● **Work task**
Without including the images, transcribe each record precisely as it appears below.

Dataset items
BEGIN

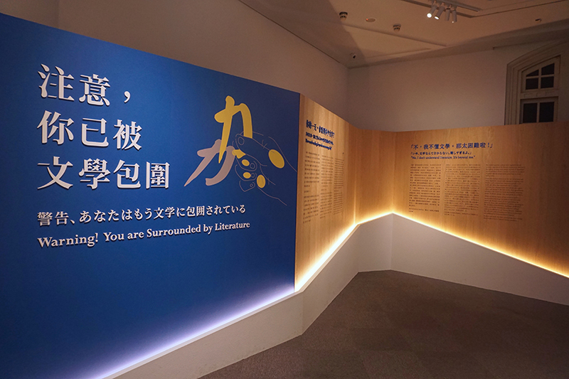 相較起舊展,此次的新展覽對於作品文本、情境展示的成分比例明顯下降,觀者可以發現,展覽腳本的文字跳入台灣文學的傳統史學論述框架內,力求為觀者辯證出一條清晰的歷史軸線。然而,有趣的是,不同於力求客觀、公正的傳統歷史書寫,展覽腳本在博物館服務大眾的公共空間基礎上,納入了「大眾」這群想像中的讀者,因而出現了平易近人、具說書人氣味的敘事腔:「注意,你已被文學包圍」、「你的一天,會看到多少文字?」、「不,我不懂文學。那太困難啦!」。
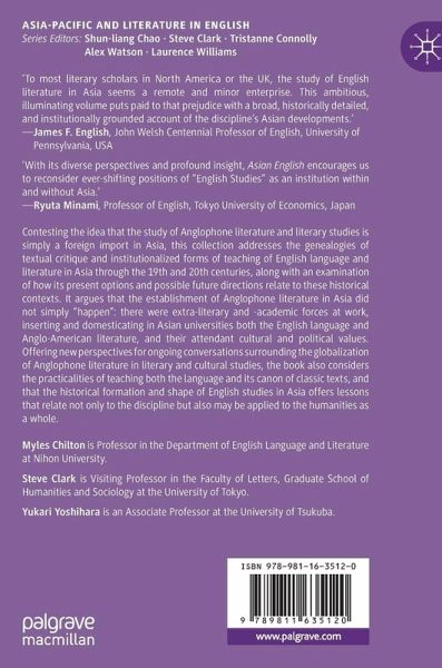 Contesting the idea that the study of Anglophone literature and literary studies is simply a foreign import in Asia, this collection addresses the genealogies of textual critique and institutionalized forms of teaching of English language and literature in Asia through the 19th and 20th centuries, along with an examination of how its present options and possible future directions relate to these historical contexts. It argues that the establishment of Anglophone literature in Asia did not simply "happen": there were extra-literary and -academic forces at work, inserting and domesticating in Asian universities both the English language and Anglo-American literature, and their attendant cultural and political values. Offering new perspectives for ongoing conversations surrounding the globalization of Anglophone literature in literary and cultural studies, the book also considers the practicalities of teaching both the language and its canon of classic texts, and that thehistorical formation and shape of English studies in Asia offers lessons that relate not only to the discipline but also may be applied to the humanities as a whole.
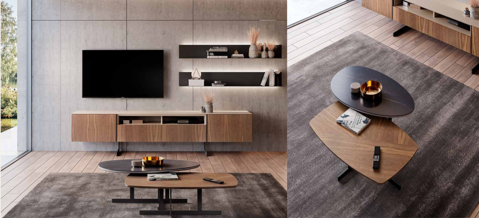 contemporâneas se funde com a textura orgânica da madeira e o rigor industrial
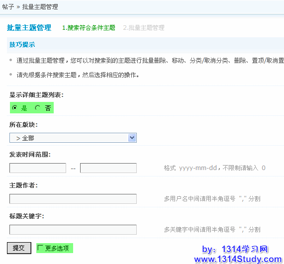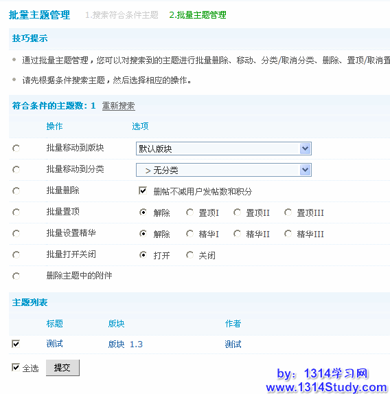 这个功能搜索出符合一定条件的主题,然后进行批量的操作。包括:批量移动到版块、批量移动到分类、批量删除、批量置顶、批量设置精华、批量打开关闭、删除主题中的附件。下面主要介绍一下这个功能的使用方法,进入系统后台 => 帖子 => 批量主题管理。
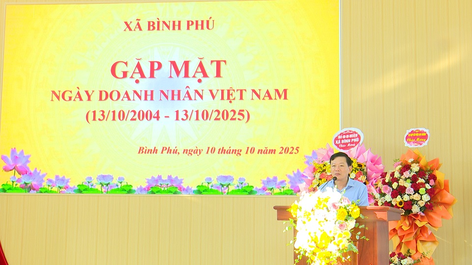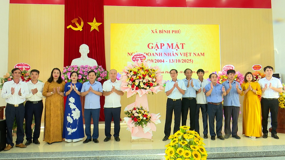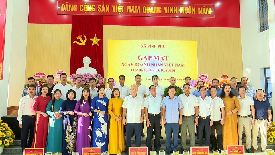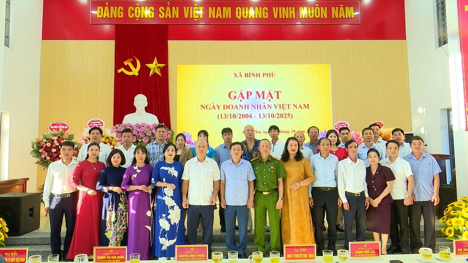 Ngày 10/10/2025, xã Bình Phú tổ chức gặp mặt các doanh nhân trên địa bàn xã nhân ngày doanh nhân Việt Nam (13/10/2004 – 13/10/2025). Dự buổi gặp mặt có đồng chí Nguyễn Hồng Phong – Bí thư Đảng uỷ, Chủ tịch HĐND xã; đồng chí Trịnh Đức Lai – Phó Bí thư Đảng uỷ, Chủ tịch UBND xã; đồng chí Dương Thị Kim Dung – Phó Bí thư Thường trực Đảng uỷ; các đồng chí trong Ban Thường vụ Đảng uỷ; Trưởng các phòng, đơn vị chuyên môn của xã; Văn phòng Đảng uỷ; Văn phòng HĐND&UBND xã và đại biểu Tổng công ty Giấy Việt Nam; Ban quản lý khu công nghiệp Tử Đà - An Đạo các chủ doanh nghiệp, cơ sở sản xuất kinh doanh, hợp tác xã trong và ngoài xã.

END

● **Exercise answer**
 相較起舊展,此次的新展覽對於作品文本、情境展示的成分比例明顯下降,觀者可以發現,展覽腳本的文字跳入台灣文學的傳統史學論述框架內,力求為觀者辯證出一條清晰的歷史軸線。然而,有趣的是,不同於力求客觀、公正的傳統歷史書寫,展覽腳本在博物館服務大眾的公共空間基礎上,納入了「大眾」這群想像中的讀者,因而出現了平易近人、具說書人氣味的敘事腔:「注意,你已被文學包圍」、「你的一天,會看到多少文字?」、「不,我不懂文學。那太困難啦!」。
 Contesting the idea that the study of Anglophone literature and literary studies is simply a foreign import in Asia, this collection addresses the genealogies of textual critique and institutionalized forms of teaching of English language and literature in Asia through the 19th and 20th centuries, along with an examination of how its present options and possible future directions relate to these historical contexts. It argues that the establishment of Anglophone literature in Asia did not simply "happen": there were extra-literary and -academic forces at work, inserting and domesticating in Asian universities both the English language and Anglo-American literature, and their attendant cultural and political values. Offering new perspectives for ongoing conversations surrounding the globalization of Anglophone literature in literary and cultural studies, the book also considers the practicalities of teaching both the language and its canon of classic texts, and that thehistorical formation and shape of English studies in Asia offers lessons that relate not only to the discipline but also may be applied to the humanities as a whole.
 contemporâneas se funde com a textura orgânica da madeira e o rigor industrial
 这个功能搜索出符合一定条件的主题,然后进行批量的操作。包括:批量移动到版块、批量移动到分类、批量删除、批量置顶、批量设置精华、批量打开关闭、删除主题中的附件。下面主要介绍一下这个功能的使用方法,进入系统后台 => 帖子 => 批量主题管理。
 Ngày 10/10/2025, xã Bình Phú tổ chức gặp mặt các doanh nhân trên địa bàn xã nhân ngày doanh nhân Việt Nam (13/10/2004 – 13/10/2025). Dự buổi gặp mặt có đồng chí Nguyễn Hồng Phong – Bí thư Đảng uỷ, Chủ tịch HĐND xã; đồng chí Trịnh Đức Lai – Phó Bí thư Đảng uỷ, Chủ tịch UBND xã; đồng chí Dương Thị Kim Dung – Phó Bí thư Thường trực Đảng uỷ; các đồng chí trong Ban Thường vụ Đảng uỷ; Trưởng các phòng, đơn vị chuyên môn của xã; Văn phòng Đảng uỷ; Văn phòng HĐND&UBND xã và đại biểu Tổng công ty Giấy Việt Nam; Ban quản lý khu công nghiệp Tử Đà - An Đạo các chủ doanh nghiệp, cơ sở sản xuất kinh doanh, hợp tác xã trong và ngoài xã.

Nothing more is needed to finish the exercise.